There is another important consideration too with coal plants, along those lines, Wesley. Adding new units to an existing plant site is cheaper than greenfield, as the land is paid for, permitting is much easier, transport schemes are already set up, ash and other waste disposal already in place, the coal yard is built, administration buildings are on-site, T&D is already routed to the plant… Sure, most items would need to be upsized or uprated to handle the additional capacity, but overall the cost of a 1000MW plant added to an existing site may be as low as 2/3 of what a greenfield plant would be.
The numbers you are looking for are all over the place because the conditions and variations under which these plants are built varies widely.
Many utilities rely on the Electric Power Research Institutes (EPRI) data within their Technical Assesmant Guide (TAG). The info is proprietery so I can’t republish anything from them.

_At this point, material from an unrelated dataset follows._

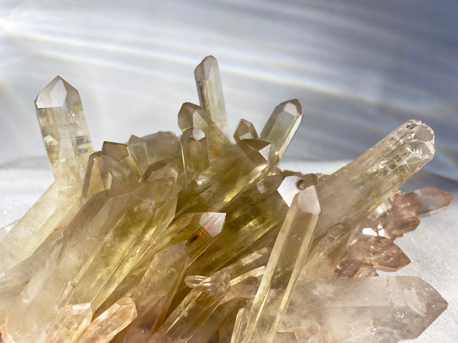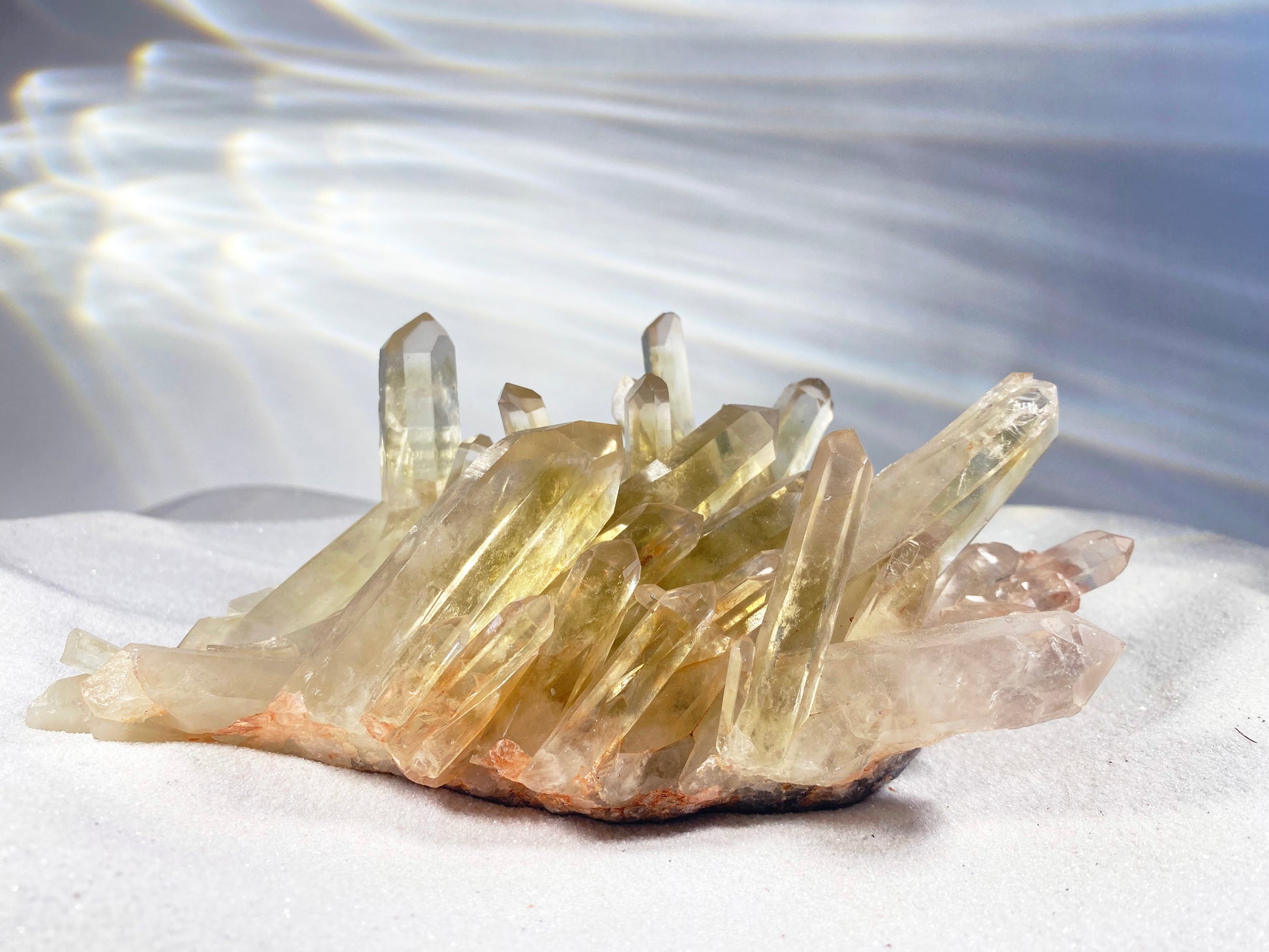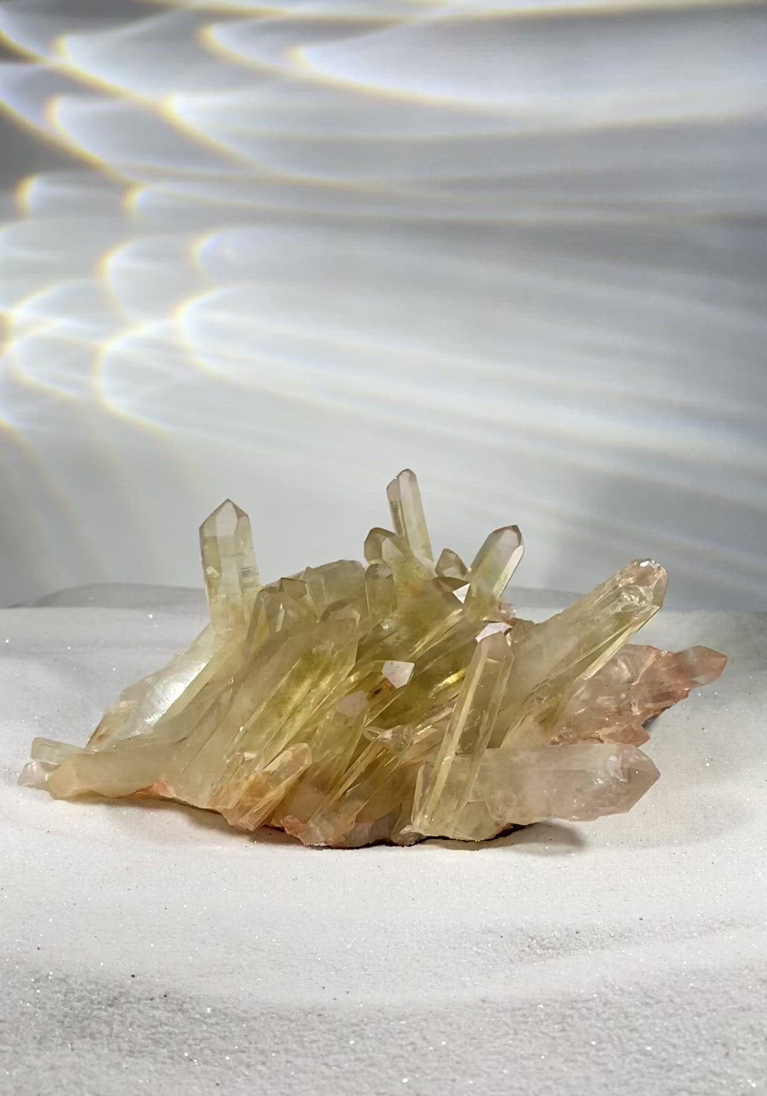 This beautiful natural Citrine cluster is of AAA quality. It creates a beautiful array of bright and warm yellow hued points with a bit of reddish iron coating. The points in this cluster have very little damage and spectacular clarity. This cluster consists of more than 26 laser like points going different directions creating a very visually pleasing display. This material is a product of new mining operation in Madagascar. This one-of-a-kind Citrine cluster is a perfect addition for spreading positive vibes in your space, lifting your spirits and manifesting your dreams.

Since all power plants are not 1000 MW most comparison is done on a per KW cost basis. To get a 1000 MW figure just multiply the $/kw by 1,000,000. As for an answer to your question, here is a range of costs for each technology based on my experience reviewing publically available publications other (my caveat) than the TAG:
Coal $1200 - 2400 /kw
Nuclear $ ? - (GE and Westinghouse have proprietary info that they will not even allow EPRI to publish and I’ve never worked on pricing for that typw of plant, my guess is that the construction costs aren’t too far above coal) None are being built due to higher operating and regulation costs
Hydro and - $? - Again, the roadblock issue is not the construction costs but the siting and regulation costs
Geo - site specific and difficult to price - My guess is that construction costs are around $1000 /kw but the operating costs are pretty high
Natural Gas (combustion Turbine) - $200 - $600 /kw - Cheap to build but expensive to operate due to high fuel costs
Natural Gas (Combined Cycle) - $400-$1000 /kw - more costly to build but cheaper to run than combustion turbine.
Wind - $1000 - $2000 /kw
Fuel Cells - $2000 - $3000 /kw
Solar Photovoltaic - $5000 - $10,000 /kw
Solar Thermal - $4000 -$8000 /kw
Note that all of these costs are costs to build only; not to operate. From inspection of just the build costs one would be tempted to build only natural gas combustion turbines. But the overall cost to supply energy also includes the operating costs and a combustion turbine would be much more expensive to supply power for long term use compared to a coal unit. Combustion turbines come in handy for load spikes. Example during hot weather the combustion turbines may run to supply air conditioner load. Round-the-clock energy is supplied by coal units since they are the cheapest to run for continuous use.
I just had to come back and address this statement. The idea that any technology is disadvantaged because the energy companies find it competitive is too weak to be a serious factor for development.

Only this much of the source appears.